____ Input material

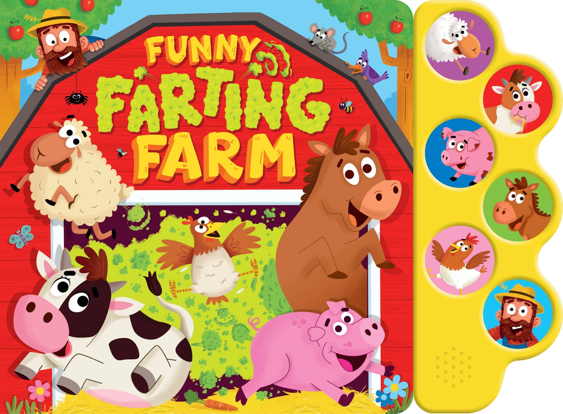 Take a trip to the funny farting farm, where the animals love to play, eat, and mostly, fart! Press the buttons to hear each animal’s fart sound, along with a funny song all about this special, and smelly, farm!
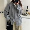 Hooded Double Zip Sweater Jacket Women's Loose Chunky Knit Cardigan
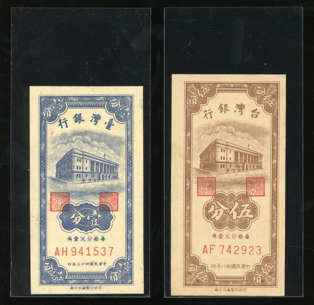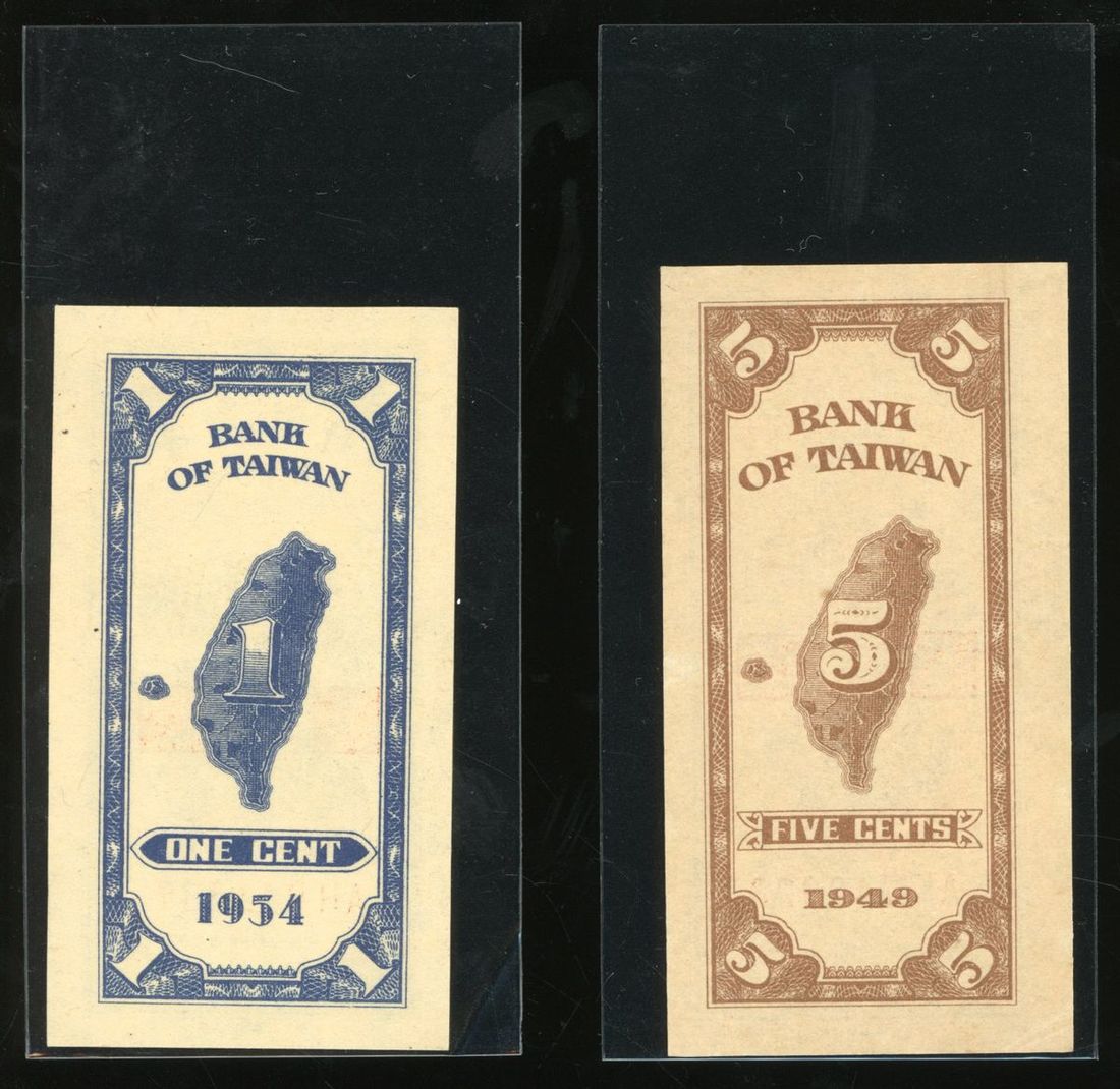 Bank of Taiwan, 1 cent and 5 cents, 1954 and 1949, serial numbers AH941537 and AF742923, (Pick 1963, 1947), Uncirculated (2)
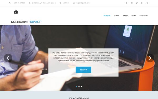 отличный выбор для сайта юридической компании. Слайдер можно использовать для рассказа о специалистах и услугах или публикации специальных предложений для клиентов. На главной странице много внимания уделено преимуществам компании, но вы можете быстро подогнать этот блок под нужный объем. Есть карточки основных услуг, к которым подключена форма обратной связи для обращения к менеджеру через сайт.
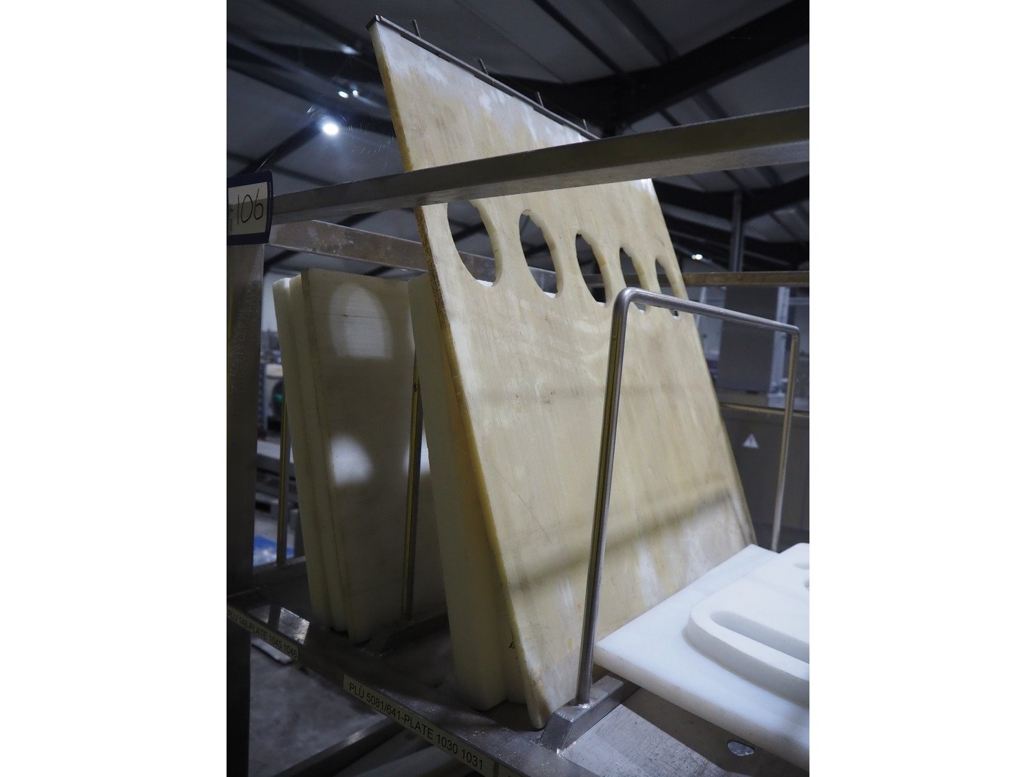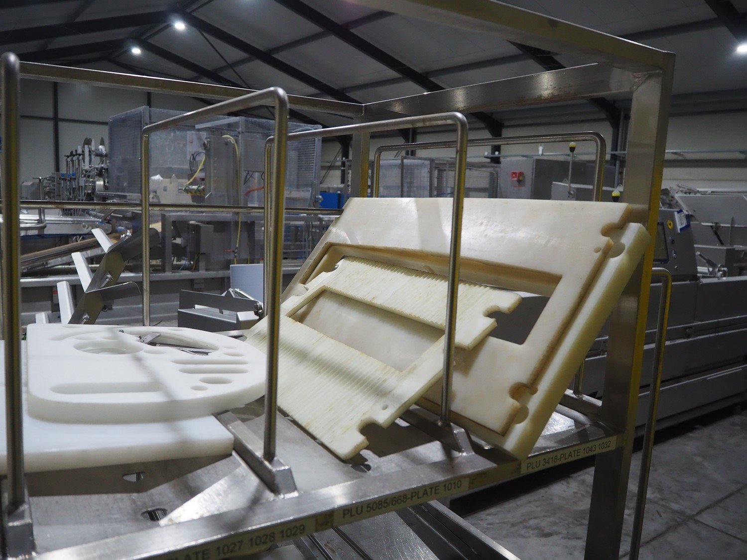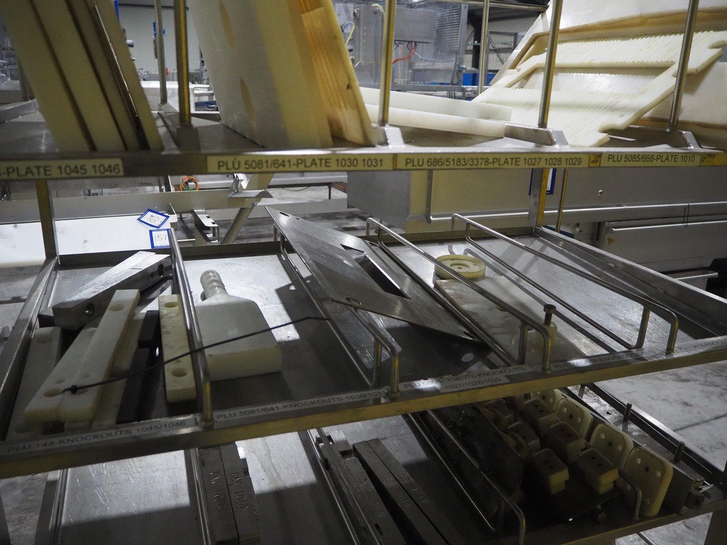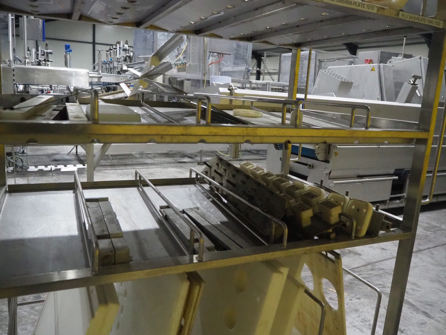 TVM mobile portioning machine, type: TVM - Portio 4000, serial number: 09-99.26445 138, year of construction: 1999, 400 V, 3 Ph, 50 Hz, 2.5 A, weight: 380 kg, plastic belt, belt width: 205 mm, total dimensions: 1600 mm x 1100 mm x 2100 mm. Including s/s trolley with parts, dimensions: 860 mm x 620 mm x 1800 mm.
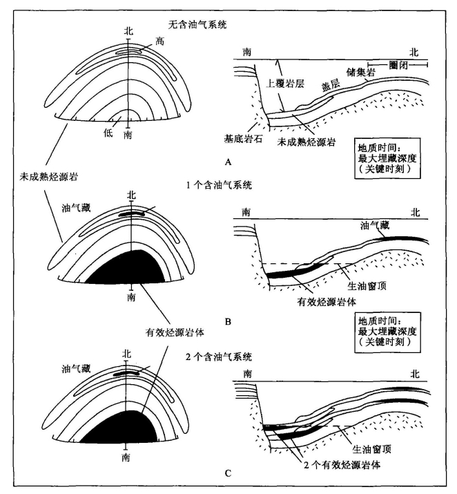 根据上述分析和图件,人们就可以认识含油气系统的地理范围、地层分布和形成年龄。反过来通过作关键时刻的平面范围和地质剖面图,就可以判断含油气系统是否存在及其个数(图8-19)。图中A虽基本要素都存在,但烃源岩尚未成熟,不具有效性,因而没有含油气系统;图中B存在1个含油气系统;图中C有2个含油气系统存在。
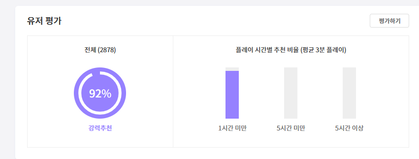 플레이 시간별 추천 비율 1시간 미만 (평균3분 플레이)가 이 게임의 정체성을 말해주는 것 같습니다 (ㄹㅇㅋㅋ)

________

» **Work instructions**: Transcribe every entry exactly, leaving out the pictures.

» **Answer**:
 Take a trip to the funny farting farm, where the animals love to play, eat, and mostly, fart! Press the buttons to hear each animal’s fart sound, along with a funny song all about this special, and smelly, farm!
 Hooded Double Zip Sweater Jacket Women's Loose Chunky Knit Cardigan
 Bank of Taiwan, 1 cent and 5 cents, 1954 and 1949, serial numbers AH941537 and AF742923, (Pick 1963, 1947), Uncirculated (2)
 отличный выбор для сайта юридической компании. Слайдер можно использовать для рассказа о специалистах и услугах или публикации специальных предложений для клиентов. На главной странице много внимания уделено преимуществам компании, но вы можете быстро подогнать этот блок под нужный объем. Есть карточки основных услуг, к которым подключена форма обратной связи для обращения к менеджеру через сайт.
 TVM mobile portioning machine, type: TVM - Portio 4000, serial number: 09-99.26445 138, year of construction: 1999, 400 V, 3 Ph, 50 Hz, 2.5 A, weight: 380 kg, plastic belt, belt width: 205 mm, total dimensions: 1600 mm x 1100 mm x 2100 mm. Including s/s trolley with parts, dimensions: 860 mm x 620 mm x 1800 mm.
 根据上述分析和图件,人们就可以认识含油气系统的地理范围、地层分布和形成年龄。反过来通过作关键时刻的平面范围和地质剖面图,就可以判断含油气系统是否存在及其个数(图8-19)。图中A虽基本要素都存在,但烃源岩尚未成熟,不具有效性,因而没有含油气系统;图中B存在1个含油气系统;图中C有2个含油气系统存在。
 플레이 시간별 추천 비율 1시간 미만 (평균3분 플레이)가 이 게임의 정체성을 말해주는 것 같습니다 (ㄹㅇㅋㅋ)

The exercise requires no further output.